我市缺少的就是弄潮兒。你們回去把辭職手續辦好,我這邊就開綠燈......”
如此一來,辭職成了難題。大家坐在宋財寶家的小偏廈裡,面面相覷。
“操他爹的!怎麽,咱們離開單位還不會活人了?”
宋財寶首先打破沉默:“失敗了,大不了,咱們去自由市場上販白菜賣大蔥去!
老農不也都包產到戶了,也都沒有了單位,也沒見哪個餓死。”
“說的也是。人家老牛逼,一個肓流,在咱們烏蘭山混了十幾年了。
沒餓死不說,越乾越大......現在乾脆成大包工頭。

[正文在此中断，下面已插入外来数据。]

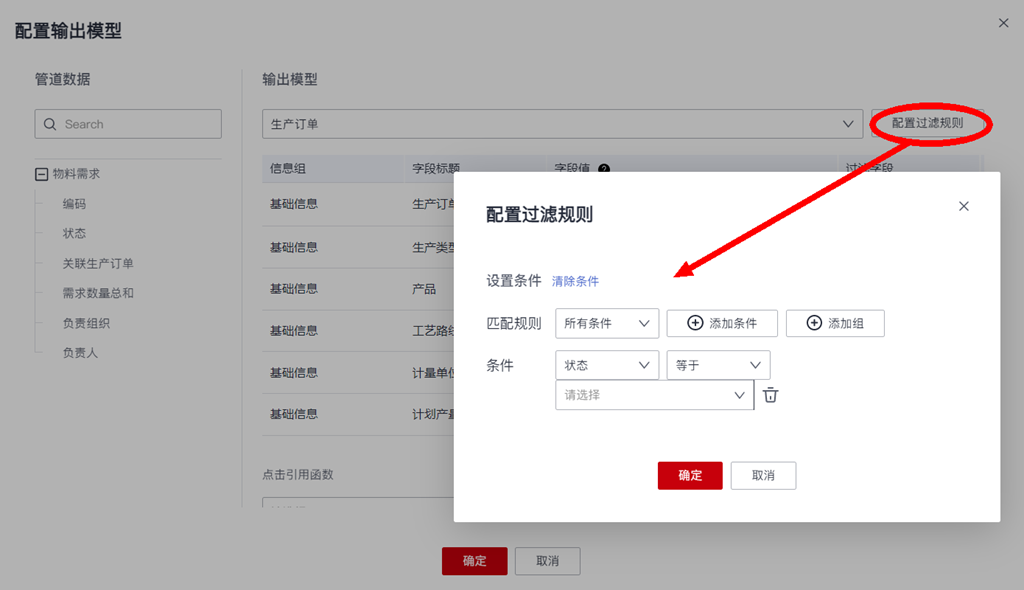 - 如果是需要组合一定的字段条件来确定目标更新的输出模型数据范围,则拖动所需的数据管道字段映射到输出模型的相应字段值并勾选“过滤字段”,以及通过“输出模型”选框右侧的“配置过滤规则”来组合设定输出模型的目标数据过滤条件:
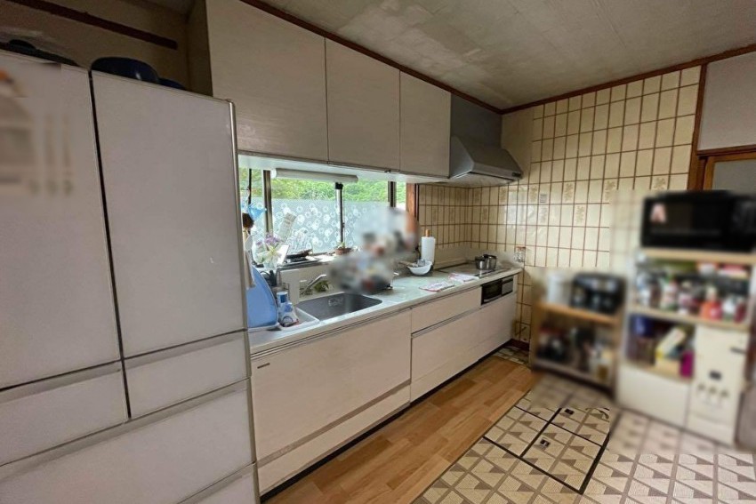 現地調査にお伺いしたところ、キッチンの扉が部分的に閉まらない所があり、キッチンの底の色も変わっていました。
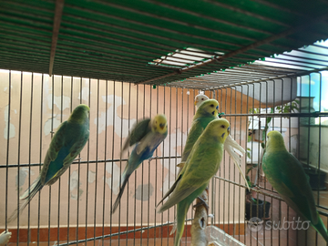 Vendo mini blocco di 5 cocorite di cui 4 maschi rainbow e una femmina Albina. Maschio singolo 15 Femmina solo in coppia 30 euro Tutti e 5 a 60 euro. Accetto scambi con altri rainbow faccia oro o Hagoromo.

”趙廣大說。
“背水一戰!寧闖虎口成大氣,也不默默無聞渡一生!
置之死地而後生!大不了賣大蔥,我去辭職!”王楊咬牙切齒地說。
“我也去!”宋財寶堅決地響應。
“我回去跟單位商量。
”張光明不堅決地說。 宋財寶忍不住問:“商量啥?單位離不開你,還是你離不開單位?”
張光明低頭嘟囔:“這可是我一輩子的大事,總得好好想想吧?”
白樺樹乾脆地說:“我不用商量也不用想,我媽肯定不同意。
我只能泡蘑菇請長假,你們要用我,我就跟你們乾,不用我,我另外想法子。”
“對對對,我們也回去好好琢磨琢磨。”余下的人說。
宋財寶咬牙切齒,堅決地說:“你們怎麽想,我不管,也管不著。
反正我是不過這撐不著餓不死的日子了。明天,我就回單位辦手續!”
王楊吼叫:“不是魚死就是網破!斷絕後路,拚死一搏!”
第二天早上一上班,王楊將便辭職報告,交到王處長手中。
王處長大吃一驚,愣怔半天,才緊盯著王楊,嚴肅地說:
“小王,這是一輩子的大事,你跟你母親和家人商量了嗎?那誰......知道嗎?”
王處長雖然沒有提名字,王楊也知道他說的是王小蘭。
在王處長的心中,一直以為王楊,跟他女兒王小蘭是一對呢。
王楊有些愧疚卻無可奈何地說:“處長,這是我自己的事,一切由我自己做主。”
“你想好了嗎?報告好批,我簽字就行。
可這意味著你從此以後,一切都要自己承擔了。 ”
王處長沉吟著說:“你實在對現在的工作不滿意,就先借調到機關裡來。
等拿回夜大文憑,便轉乾,你看如何?”
王楊含淚苦笑道:“王處長,我謝謝您的好意!
這話,您要是一年前對我說,我能高興地給您叩三個響頭。
可現在,我的心已經不在這了。
您就把報告批了吧,今後無論好壞,是死是活,我都不會忘記您的挽留。”
王處長嚴肅地打量著王楊,認真地勸阻道:“小王,我再跟你說一遍。
工人跟農民還比不了,農民什麽也乾不成,他還有二畝地,只要不懶就餓不死。
工人離開工廠,可就什麽都沒有了。
小王,你在省報發表的文章,我看了,其他領導也看了,我們都認真地商量過。
你先去工會或宣傳科,以工代乾先乾著。轉乾的事我們盡快辦,你看怎麽樣?”
王楊苦笑著,衝王處長鞠躬道:“王處長,您的好意我心領了。
我謝謝您!別說以工代乾,現在就是正式幹部,也解決不了我的問題......”
“小王,我得找你母親說說,聽聽她怎麽說?這麽大的事不能只聽你的意見。
等征求了你母親的意見,再決定吧。”王處長這樣說著,把王楊打發出來。
這天傍晚,王小蘭急如星火地來找王楊。
一進門就吼叫:“王楊,你是不是瘋了?眼看幹部,就要當上了。
怎突然想起辭職?是不是哪根神經錯亂......”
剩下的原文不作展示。